20.01.2012

Jagdschutz, ein Relikt aus Revolutionszeiten: Jährlich werden über 200.000 Katzen und Hunde Opfer von Jägern

Jäger in Deutschland töten Jahr für Jahr viele Tausend Hunde und über 200.000 Katzen. Grundlage dafür ist die Jagdgesetzgebung. In Paragrafen, die nicht etwa unter dem Begriff „Artenschutz“ sondern kennzeichnender Weise unter der Bezeichnung „Jagdschutz“ geführt werden, wird der Abschuss von Katzen und Hunden geregelt. Daran hat sich seit über 160 Jahren nichts Wesentliches geändert. Schon im Preußischen Jagdgesetz von 1848 ist die Tötung „revierender Hunde und Katzen“ geregelt.

Quelle: Bauer, Josef: Die Jagdgesetze Preußens
Weder die Einführung des Tierschutzgesetzes noch die Berücksichtigung des Tierschutzes im Grundgesetz haben bisher darauf Einfluss gehabt.

Dabei ist das Töten von Haustieren durch Hobby-Jäger nicht nur ein Eingriff in das Eigentumsrecht des Tierhalters. Lovis Kauertz von Wildtierschutz Deutschland vertritt die Meinung, dass es auch vollkommen sinnlos ist: „Es gibt keine wissenschaftlich haltbaren Belege dafür, dass überhaupt eine Tierart in ihrem Bestand durch Katzen gefährdet wird, geschweige denn dazu, dass das Töten von Katzen durch Jäger irgendeinen positiven Einfluss auf irgendwelche Arten hat.“

Letzteres sei auch schon anhand der nackten Zahlen nachvollziehbar: Der Deutsche Jagdschutzverband geht von ca. 2 Millionen streunenden Katzen in Deutschland aus und von 500.000 Tieren, die jährlich ausgesetzt werden. „Kleintierjäger“ töten aber nur etwa 10 % dieser Tiere.

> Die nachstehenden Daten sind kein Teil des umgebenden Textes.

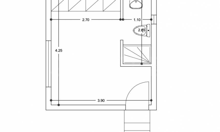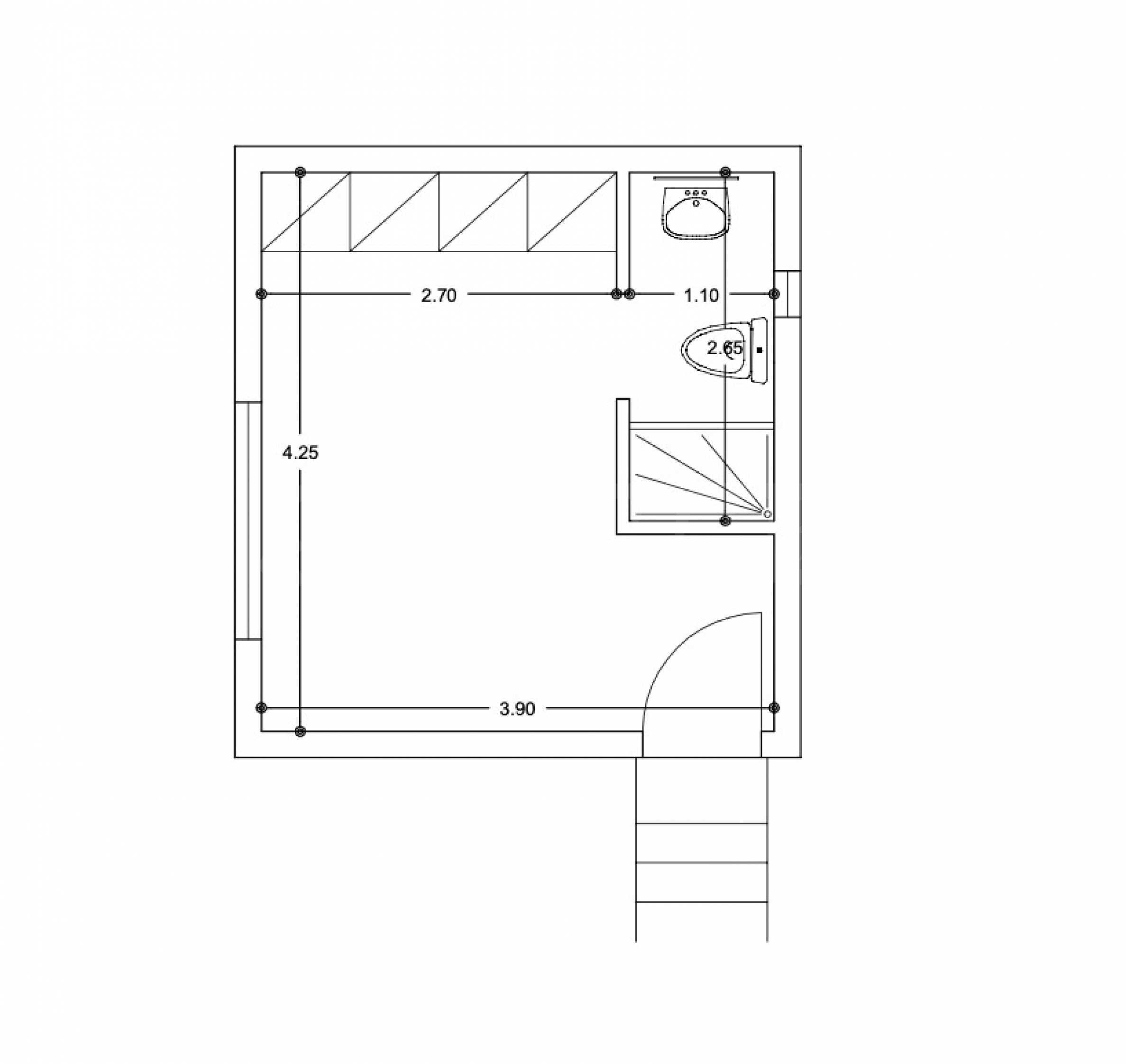 - Drewniane schody wewnętrzne z wbudowanym schowkiem łączące sypialnię na drugim poziomie;

„Einige Jäger sind regelrechte Katzenhasser,“ meint Lovis Kauertz, Vorsitzender von Wildtierschutz Deutschland, „die schrecken nicht davor zurück, die Tiere in Fallen zu fangen, den Jagdhund auf sie zu hetzen oder sie einfach zu töten, um damit auf dem Luderplatz den Fuchs anzulocken“. In Online-Foren zur Jagd gibt es nicht wenige Waidmänner, die sich mit dem „Erbeuten“ von Katzen brüsten.

Auch der Tod der streng geschützten Wildkatze wird in Kauf genommen. In Sachsen, wo das Umweltministerium gegen heftigen Widerstand den Wolf dem Jagdrecht unterordnen möchte, lenkt man bereits im Hinblick auf mögliche Verwechslungen des Wolfes mit Haushunden ein. Hunde sollen nach dem neuen Jagdrecht nur noch nach vorheriger Genehmigung getötet werden dürfen.